Recently life has been heart healing... it's not often that your oldest daughter, her husband and 4 kids move in with you...and for a good reason too! (all by their choice, and God's design, as they transition into ministry overseas).
So, if you happened to stop by unannounced (and maybe even announced!), you'd find toys all around through the house (except the kitchen! NO TOYS IN THE KITCHEN!) and laundry going all. the. time. Chances are there would be a hungry baby, or a sleeping baby, and at least one child with a diaper that needs to be changed. Maybe two.
You'd find my garage filled to the max with boxes. boxes. boxes. and mattresses. as we moved 2 bedrooms of "stuff" out, to empty them for our family to make it feel like "home" to them. sort of. I mean, they aren't painting walls (they were recently done anyways), but I want them to have access to their stuff, which meant packing up mine. for. a. season.
So, the healing part. Where does THAT fit in??
What injustice in my life, long day, short night, or physical pain is not made better by a loving child's hug. To have them want to sing a song. read a book. kiss an owie.
And this season. This season of crowded house and messy floors and sticky chairs. I wouldn't trade it for the world!
I'm getting to see God's handiwork. You see, it's true.

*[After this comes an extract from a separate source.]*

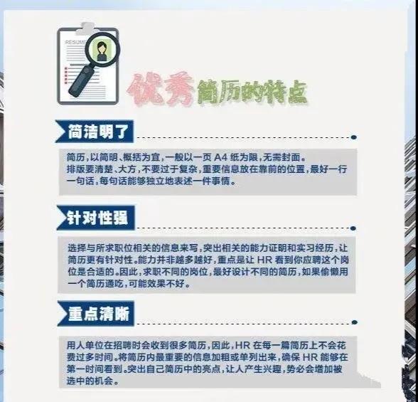 每个行业、每个公司、每个岗位的侧重点不同,对求职者的要求也不同,我们不可能用同一份简历去不同地方面试。这就要求,求职者制作的简历时要有针对性,最好多准备几份不同的简历。

I made mistakes as a parent. Yelled too much. Was probably too firm. too strict. too lazy. Yet God, in His Grace, took my parenting mistakes and made them into a wonderful mom. My daughter. Who is patient (sometimes to a fault) with her kids. And she helps out (too much) around the house (I'm still working on that lazy thing). And she loves her hubby and shows respect and teaches her 4 kids to do that same thing. And they know.
So it heals my heart every day. To know that God cared enough, CARES ENOUGH, to help me through the difficult moments (then and now) and helps me remember (again) it's just a season. And look what He cared enough to do.